One of the most telling failures of Iraq’s reconstruction efforts is the Baghdad government’s inability to turn rocketing oil revenues into results on the ground.
Iraq has budgeted for 2.9 million barrels a day (b/d) of oil exports for 2013 at an average price of $90 a barrel. If realised, this would make it the world’s third-largest crude exporter behind Saudi Arabia and Russia, outstripping the revenues of fellow Gulf producers Iran, Kuwait and the UAE.
But for the Middle East and North Africa’s second-largest oil producer to be the region’s second-poorest by per capita gross domestic product shows what Baghdad must overcome to fulfil its promises to the Iraqi people.
In 2009, Baghdad set the ambitious target of raising production capacity from 2.4 million b/d to 12.5 million b/d by 2017. This target is now likely to be scaled back to 9-10 million b/d, but with this level of oil revenues in the pipeline, Iraq should be aiming to rival infrastructure development in the nearby GCC.
The final report by the US Office of the Special Inspector General for Iraq Reconstruction (Sigir) estimated that more than 15 per cent of the US’ spending on reconstruction over the past decade has been wasted.
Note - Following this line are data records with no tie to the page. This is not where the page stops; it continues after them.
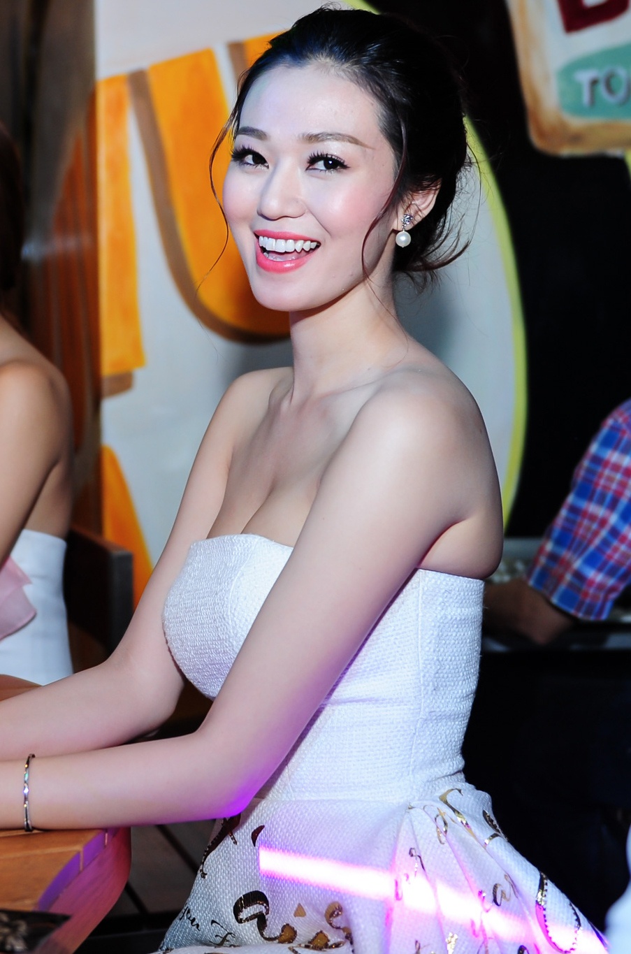 | Khánh My khoe vai trần gợi cảm với váy cúp ngực trong sự kiện. |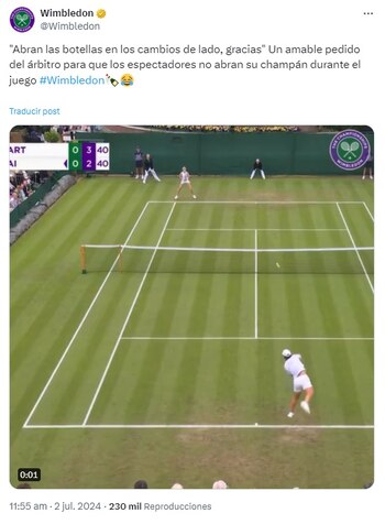 “Se ríen en dinero”, “¿Pero como dejan meter en un evento deportivo una botella de cristal y con alcohol? No entiendo”, “Solo quiero ser unos de ellos”, “Si eso sucede en un estadio de fútbol en latam estaríamos hablando de una tragedia con heridos y arrestados”, “Qué ganas de estar en Wimbledon y destapar una botella de esas. Qué lindo”, “No se debería permitir, directamente”, fueron algunos de los comentarios de los usuarios en la red social.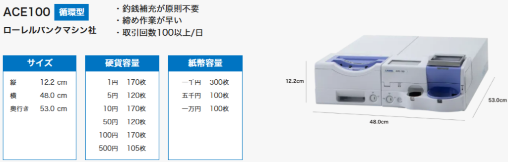 釣銭機は「循環型」で、予めご用意いただいた釣銭と、お客さまが投入したお金は一括管理され釣銭としても再利用できます。取引数(1日)が100を超えるお客さまはこちらがお勧めです。
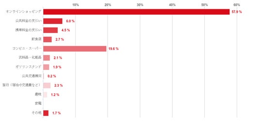 オンラインショッピングが57.9%で圧倒的に多く、コンビニ・スーパー(19.6%)がこれに続いた。また、公共料金や携帯料金の支払いに利用するとの回答も多かった。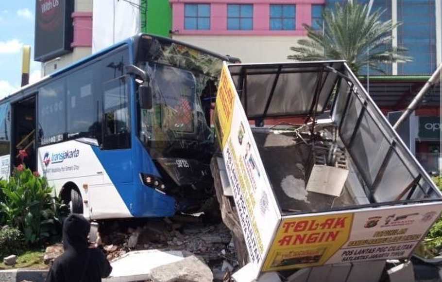 Diketahui, sebuah bus Transjakarta dengan nomor polisi B 7069 PGA menabrak pos lalu lintas di simpang Pusat Grosir Cililitan (PGC), Jakarta Timur, Kamis (2/12/2021).(*/cr2)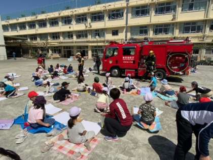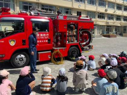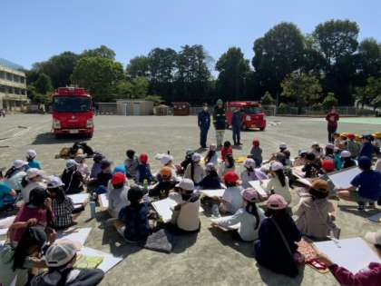 校庭に消防車がやってきました。成城消防署と消防団の方々も来てくださいました。2年生とつくし学級の子どもたちが、はじめに消防士の方からお話しや、消防車の説明もしていただきました。いよいよ画用紙に消防車をかいていきます。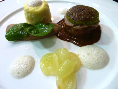 moelleux de pomme de terre au Comté, jus de veau acidulé.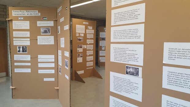 Vom 17. Juni bis zum 12. Juli 2024 präsentierte die Fachschaft Geschichte in Kooperation mit den Fachschaften Gk und Religion eine eindrucksvolle Ausstellung zum Nahostkonflikt. Die Ausstellung wurde von einem Kurs des Ebelu in Stuttgart entwickelt und mit dem Ulli-Thiel-Friedenspreis ausgezeichnet. Entstanden ist sie in Zusammenarbeit mit dem langjährigen ARD-Korrespondenten Jörg Armbruster. Auf einem Rundgang durch verschiedene Epochen erhielten die Besucherinnen und Besucher einen strukturierten Überblick von den Anfängen des Konflikts bis zur Gegenwart. Jede Station beleuchtet die Ereignisse sowohl aus israelischer als auch aus palästinensischer Sicht und macht die Komplexität des Themas nachvollziehbar. Ergänzt wird die Ausstellung durch Porträts wichtiger Persönlichkeiten, interaktive Elemente und Stimmen aus unterschiedlichen gesellschaftlichen Gruppen. Schülerinnen und Schüler können die Inhalte mit einem Fragebogen erkunden oder an einer vorbereiteten Führung teilnehmen. Ziel der Ausstellung war es, ein vertieftes Verständnis für einen der bedeutendsten Konflikte unserer Zeit zu fördern und Raum für reflektierte Diskussionen zu schaffen.

This figure – about $8bn – is likely to be significantly larger when including funds from Iraq’s government.
Several of Iraq’s ministers interviewed as part of the Sigir report said there remained limited tangible evidence of any positive effects from the rebuilding programme.
According to Iraq’s Finance Minister Rafi al-Eissawi, “thousands of projects” were incomplete at the time they were transferred to the government. The minister highlighting the disastrous Fallujah wastewater treatment project, constructed “to great cost, but little effect”.
Iraq’s oil industry is the only sector visibly improving. Baghdad must now divert its crude revenues to develop much-needed housing, infrastructure, power and water projects, and to learn from the past wasted decade.